Honest reality check: as a business this gets crushed by any eval incumbent adding a cost tab — there's no commercial moat. This is built as a portfolio piece: a clean, pure-Go systems tool (recording proxy, empirical distributions, bootstrap projection, CI gate) that shows real depth.
scenarios.yaml ─┐
├─► augur run ──drives──► your agent ──LLM calls──► augur proxy ──► provider
│ (sets X-Augur-* headers) │
│ writes cost trace
│ ▼
│ trace.jsonl
pricing.yaml ───┤ │
traffic.yaml ───┼────────────────────────────► augur project ◄───────────┘
budget.yaml ───┘ │ (distributions × traffic)
▼
augur gate ──► report.md / report.json + exit 0/1
The proxy captures calls at the HTTP layer (you point your agent's
base_url at it), so Augur is framework- and language-agnostic and records the
real call graph — retries and fan-out included — without you rewriting the
agent.
Build:
go build -o augur .augur run injects four environment variables per invocation. Your agent's only
job is to read them — typically one line of OpenAI-client config:
import os
from openai import OpenAI
client = OpenAI(
base_url=os.environ["AUGUR_BASE_URL"], # point at the proxy
default_headers={
"X-Augur-Scenario-Id": os.environ["AUGUR_SCENARIO_ID"],
"X-Augur-Run-Id": os.environ["AUGUR_RUN_ID"],
},
)
prompt = os.environ["AUGUR_INPUT"] # the scenario input
# ... run your agent as usual ...See examples/ for documented templates:
scenarios.yaml— representative inputs + the agent command + how many times to run each (the projection is only as good as these inputs).traffic.yaml— production assumptions (users, requests/user/day, tenants, scenario mix).budget.yaml— the thresholds that fail the build.pricing.yaml— a dated price snapshot (ships with the repo).
# Drive the agent N times per scenario through the recording proxy.
augur run --scenarios scenarios.yaml --upstream https://api.openai.com
# Eyeball the observed per-scenario cost distribution.
augur aggregate --trace trace.jsonl
# Project to production scale with confidence intervals.
augur project --traffic traffic.yaml
# Gate it: writes report.md / report.json, exits non-zero if over budget.
augur gate --traffic traffic.yaml --budget budget.yamlaugur gate is the one you wire into CI.
Running the agent against the real provider on every CI push spends real tokens.
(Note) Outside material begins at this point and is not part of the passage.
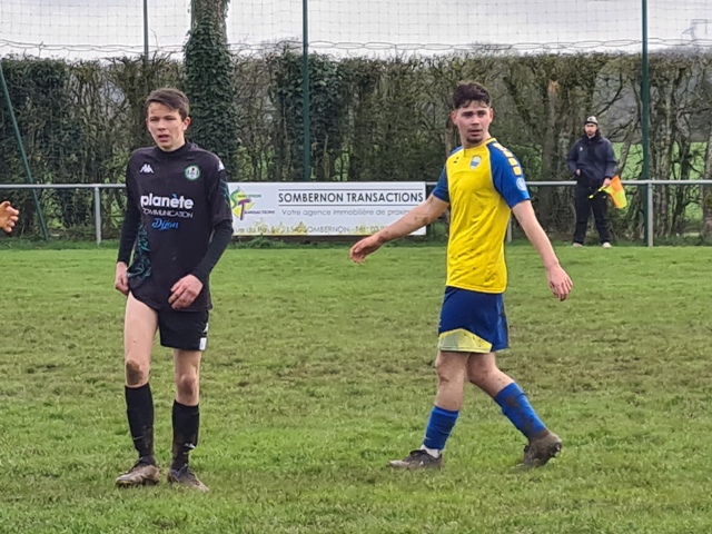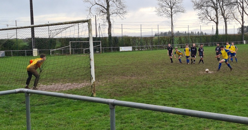 La bande à Seb a fait carton plein contre Daix, avec une victoire 9 à 0. Les offensifs se sont fait plaisir en faisant feu de toutes parts. Après l’ouverture du score de Dorian bien décalé côté gauche, Simon trouve les filets d’une belle frappe de loin, 2 à 0. Benoit en embuscade porte le score à 3 à 0. Les jaunes auront cinq buts d’avance à la pause. Se sera attaque-défense en deuxième période sur une terrain rendu difficile par la pluie. En faisant davantage d’efforts pour écarter le jeu, le score aurait pu être encore plus sévère.

Record the responses once, then replay them — augur run --replay re-executes
the agent against the recorded responses and regenerates the trace without
contacting the provider:
# Once (locally or nightly), against the real provider:
augur run --scenarios scenarios.yaml --record cassette.jsonl
# In CI, on every push — zero tokens spent:
augur run --scenarios scenarios.yaml --replay cassette.jsonl --trace trace.jsonl
augur gate --traffic traffic.yaml --budget budget.yamlBecause replay re-runs the agent (not just the trace), a cost regression from
an agent code change still surfaces — exercised against the old responses, for
free. Commit cassette.jsonl alongside your scenarios. (A call the agent makes
that wasn't recorded is a replay miss — reported loudly, so divergence from the
recording never passes silently.)
project and gate take what-if multipliers that re-cost the recorded trace
under hypothetical agentic cost drivers — no agent re-run, no tokens:
# "What if retries climb 30%, sub-agent fan-out adds 50% more calls, and
# context grows to 2× as conversations lengthen?"
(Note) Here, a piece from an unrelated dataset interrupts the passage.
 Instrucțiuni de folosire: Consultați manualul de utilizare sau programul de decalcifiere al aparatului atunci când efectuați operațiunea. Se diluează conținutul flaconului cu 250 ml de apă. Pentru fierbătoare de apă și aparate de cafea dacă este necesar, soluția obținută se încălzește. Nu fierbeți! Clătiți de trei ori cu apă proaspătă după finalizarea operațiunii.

augur project --retry-rate 0.3 --fanout 1.5 --context-growth 2
# Gate against a pessimistic scenario, not just today's happy path:
augur gate --context-growth 1.5 --budget budget.yamlRetries and fan-out scale the whole call (more calls); context growth inflates only the prompt side, not the completion — so the model reflects which driver moved, not a flat fudge factor.
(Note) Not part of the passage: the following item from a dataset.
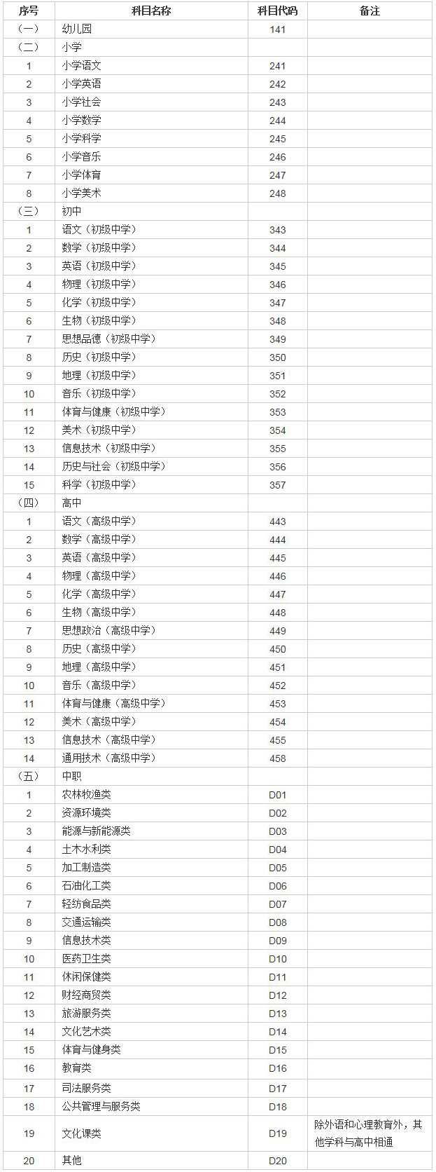 目前,NTCE开考五个学段,即幼儿园、小学、初中、高中和中职(含文化课、专业课、实习指导课3类)。各学段学科分类如下表:

The what-if knobs above re-cost a recorded trace, but they hold output length
fixed. The one thing you genuinely can't guess for an agent is completion
length — and it's where the cost surprise lives. The optional
sidecar/ (Python) learns output length from a recorded trace, then
projects cost for inputs you never ran:
# Learn output_tokens ≈ a + b·input_tokens per model, from one recorded run.
python -m augur_predict fit --trace trace.jsonl --out model.json
# "What if prompts grow 1.5× as conversations lengthen?" — predict, don't run.
python -m augur_predict emit-trace --model model.json --out grown.jsonl --input-scale 1.5
# The predicted trace flows through the normal gate — no tokens spent.
augur gate --trace grown.jsonl --traffic traffic.yaml --budget budget.yamlCoupling is the trace file and nothing else — no RPC, no shared library. Unlike
--context-growth, the sidecar feeds the larger prompt back through the output
model, so a bigger ask predicts a longer answer, not just a costlier prompt.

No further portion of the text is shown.